Sunday, August 05, 2012

Time For Sober, Second Thought on Canada's Future


Several decades ago we cut out the middleman and settled down to an existence where "because I can" leads directly to "so I shall."   What has fallen into desuetude was what once existed between the two, contemplation.

It was the sticky, moral middle ground that had to go.   Within it lurked messy problems like posterity, meaning and purpose.

Take the Tar Sands for example.   Their development has followed the very linear path of because I can/so I shall.   Discussion of whether we should leave the stuff in the ground to await new technologies or to meet the needs of future generations are snuffed out like a discarded cigarette.  Posterity?   Hardly.   Alberta and Ottawa are treating the resource as though it belongs to them, today and future generations of Albertans and Canadians be buggered.  

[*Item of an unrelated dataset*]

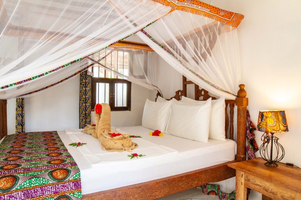 Hibiscus is a DOUBLE ROOM furnished with Zanzibarian antiques. It features a Zanzibarian style double bed made of coconut wood, a single Zanzibarian antique bed, a sitting area for two and a Zanzibarian teak cupboard. Find your restful sleep under the ceiling fan, protected by a mosquito net.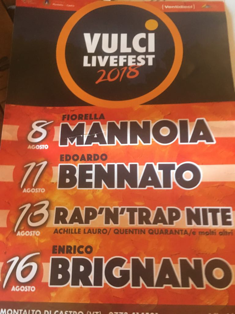 Vulci LiveFest 2018: Mannoia, Bennato, Rap’N’Trap Nite, Brignano

Norway, which now sits atop one of the world's largest sovereign wealth funds, spent a good deal of highly productive time before passing from "can" to "shall."   That led them to understand and accept that the country's non-renewable petroleum reserves belonged to the country, both now and into the distant future.   Hence their oil wealth would not be taken into the treasury and doled out to the citizenry but instead would be kept separate, invested and preserved for future generations.

Norwegians, it seems, didn't get the message that, without those oil dollars, their country would be a backward,  impoverished place with a second-rate economy.   Canadians, by contrast, are continually fed that very story because it bolsters the "can/shall" dynamic.    On the world stage, we can't cut it without those bitumen royalties - or so the story goes - so shut up and keep digging.

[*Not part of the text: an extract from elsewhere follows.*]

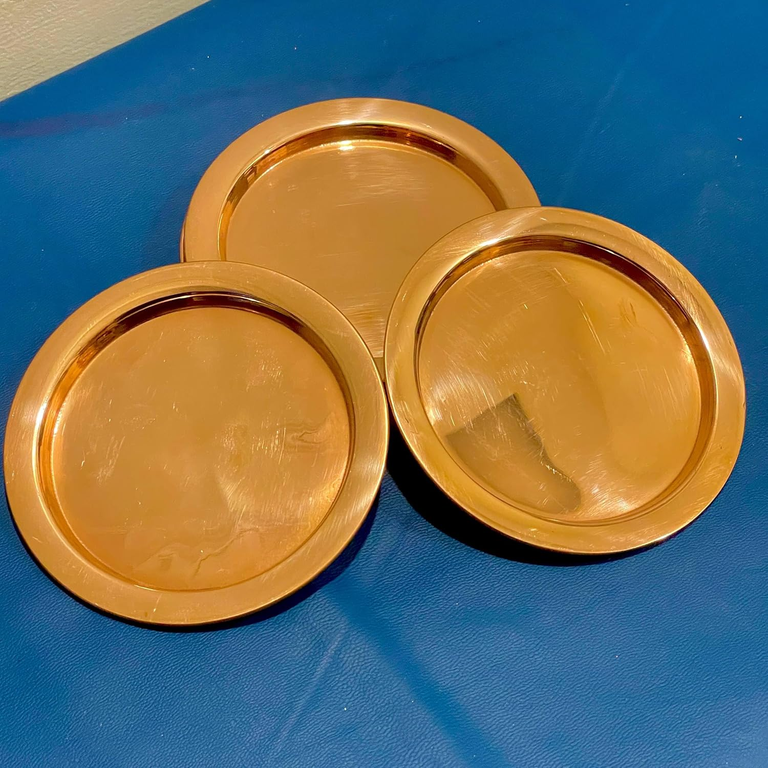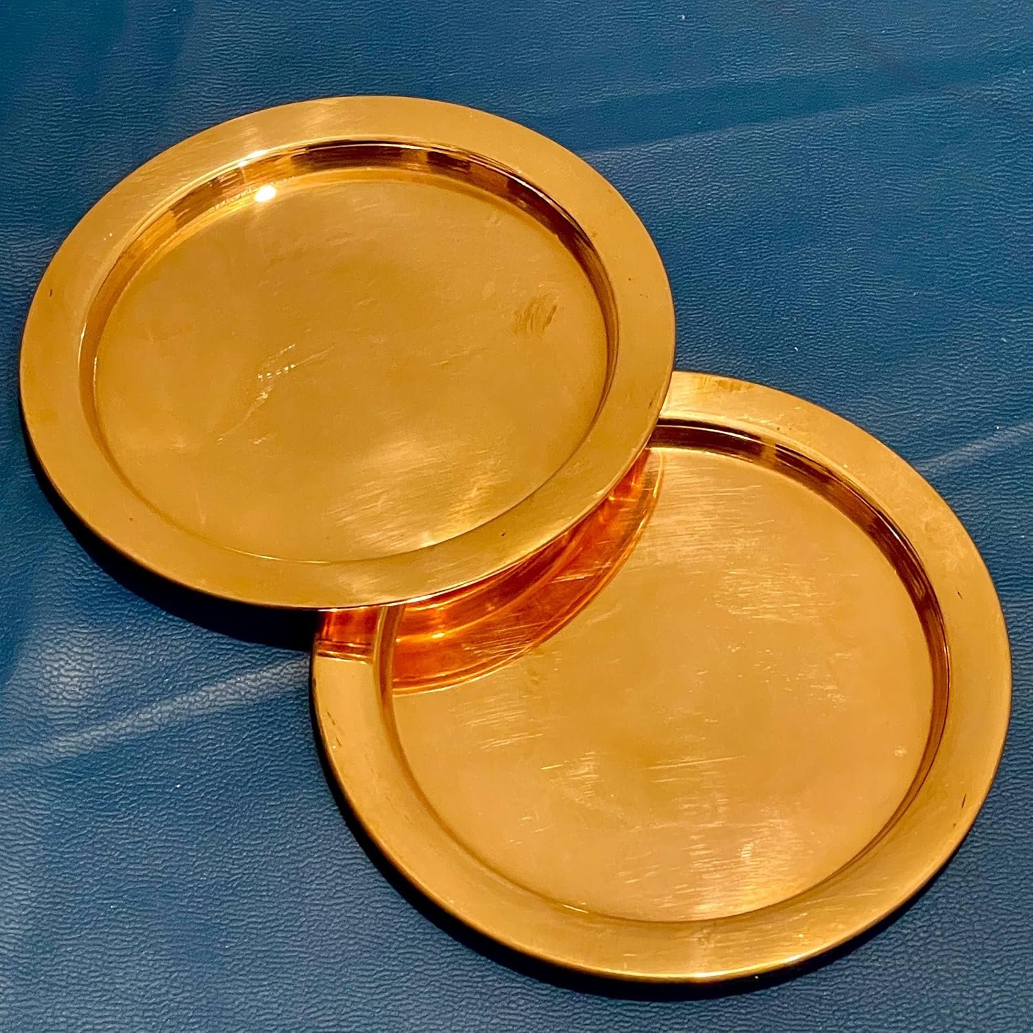 Elevate your dining experience with this exquisite set of six traditional handcrafted brass coasters. Each piece showcases a stunning golden polished finish that adds a touch of sophistication to any table setting. These round coasters are meticulously crafted to protect your precious furniture surfaces from unsightly water rings and heat marks. The classic design features a smooth, flat surface that provides stable support for your beverages, from steaming hot tea to chilled drinks. Perfect for both everyday use and special occasions, these coasters seamlessly blend functionality with aesthetic appeal. Their substantial construction ensures durability while maintaining an elegant appearance. Whether arranged on your coffee table, dining table, or bar counter, these coasters make a striking statement while serving their protective purpose. They also make a thoughtful gift for housewarmings or festive celebrations. The timeless appeal of polished brass ensures these coasters will remain a cherished addition to any home décor for years to come. Hand wash recommended to maintain their lustrous finish.

Canada, we rank 35th in population88th by population density (of countries with more than 9-million people),  a very respectable second place in overall territory, and, by an enormous margin, number one in total coastline.   And yet, with all these advantages and our country's vast resources and highly educated population, we'd be second rate without bitumen?   Really?   Shouldn't we perhaps have a little contemplative discussion about that?  I know, maybe we should ask the Norwegians what they think of our bitumen boom and bust mentality.